DATA SHOWN

+++

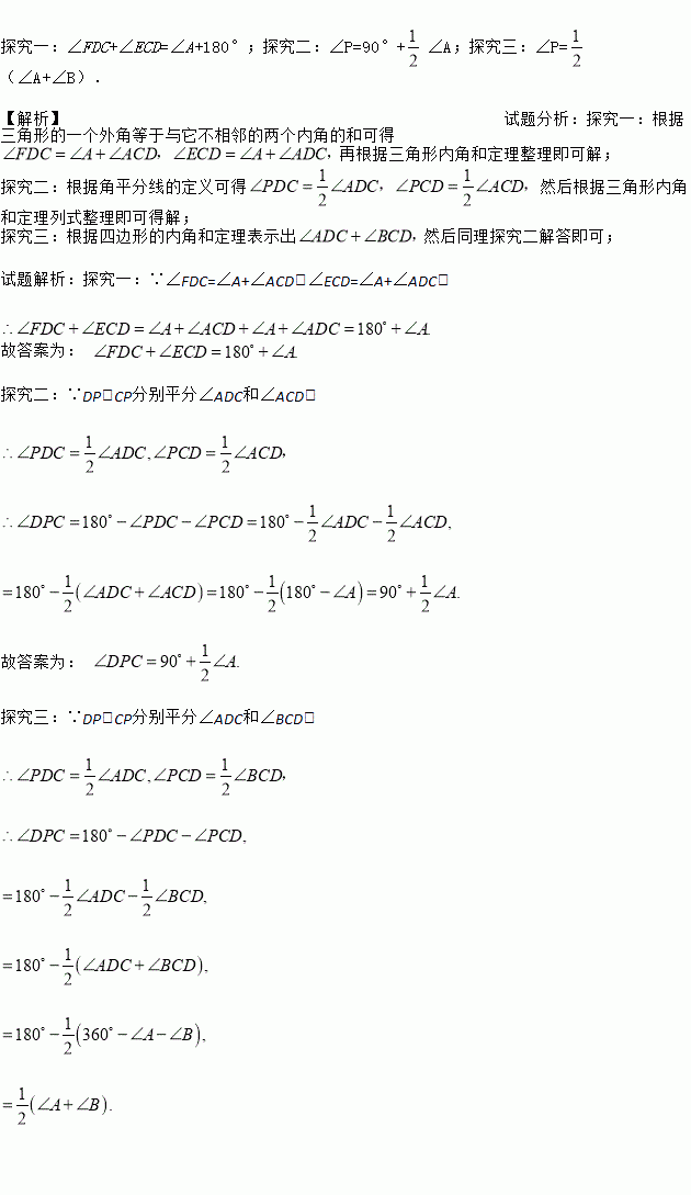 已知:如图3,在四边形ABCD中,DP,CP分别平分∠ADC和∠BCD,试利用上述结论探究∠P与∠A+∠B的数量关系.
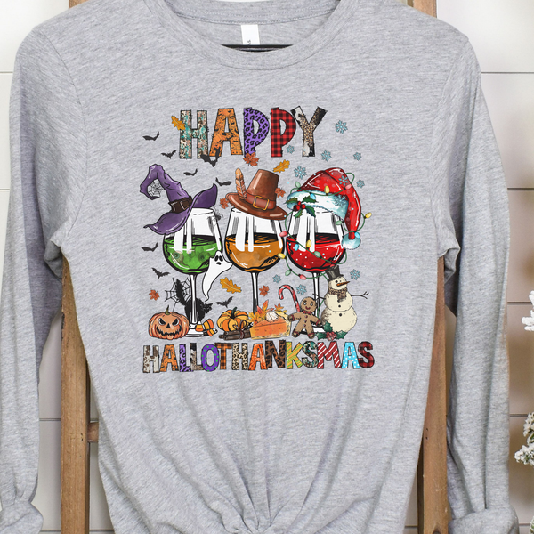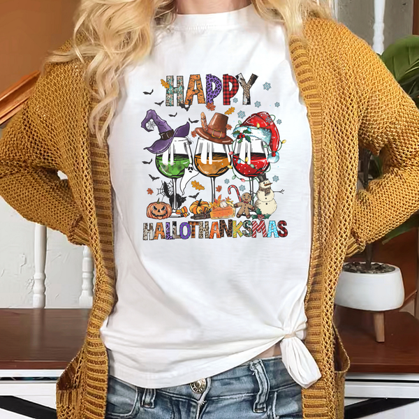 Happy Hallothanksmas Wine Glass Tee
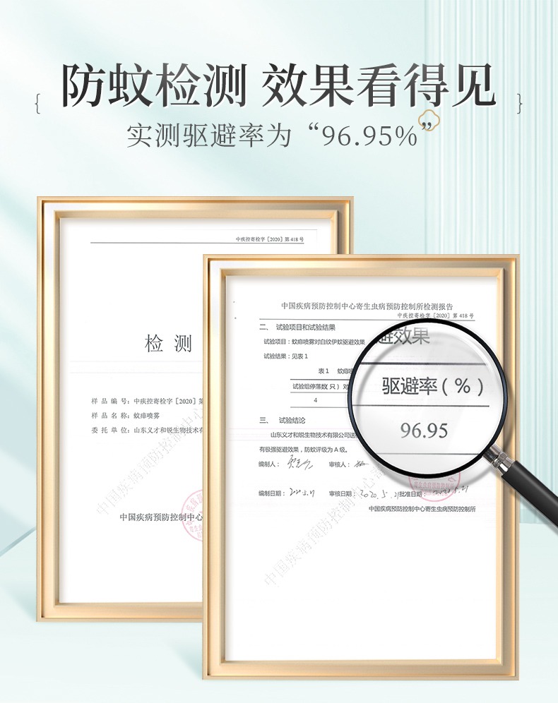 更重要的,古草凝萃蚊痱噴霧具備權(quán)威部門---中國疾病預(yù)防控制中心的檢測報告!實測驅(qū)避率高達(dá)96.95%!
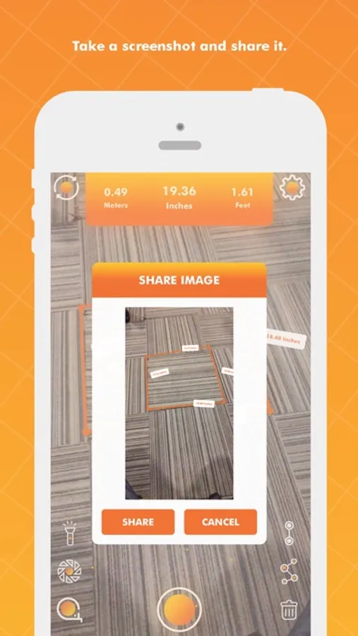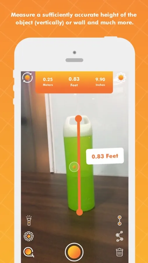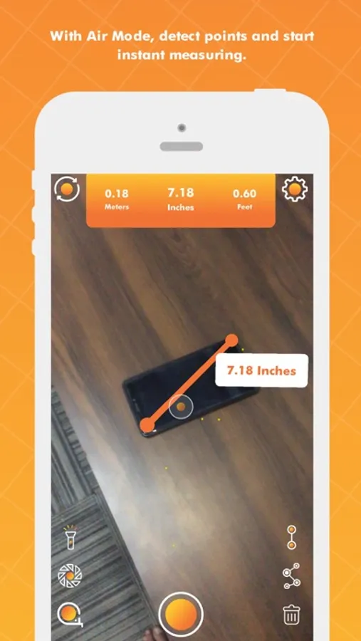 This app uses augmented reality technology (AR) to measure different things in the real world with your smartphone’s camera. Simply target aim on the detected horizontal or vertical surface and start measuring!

+++

GOAL OF THE EXERCISE
Retype everything in the material word for word, minus pictures.

SOLUTION FOR THIS PROBLEM
 已知:如图3,在四边形ABCD中,DP,CP分别平分∠ADC和∠BCD,试利用上述结论探究∠P与∠A+∠B的数量关系.
 Happy Hallothanksmas Wine Glass Tee
 更重要的,古草凝萃蚊痱噴霧具備權(quán)威部門---中國疾病預(yù)防控制中心的檢測報告!實測驅(qū)避率高達(dá)96.95%!
 This app uses augmented reality technology (AR) to measure different things in the real world with your smartphone’s camera. Simply target aim on the detected horizontal or vertical surface and start measuring!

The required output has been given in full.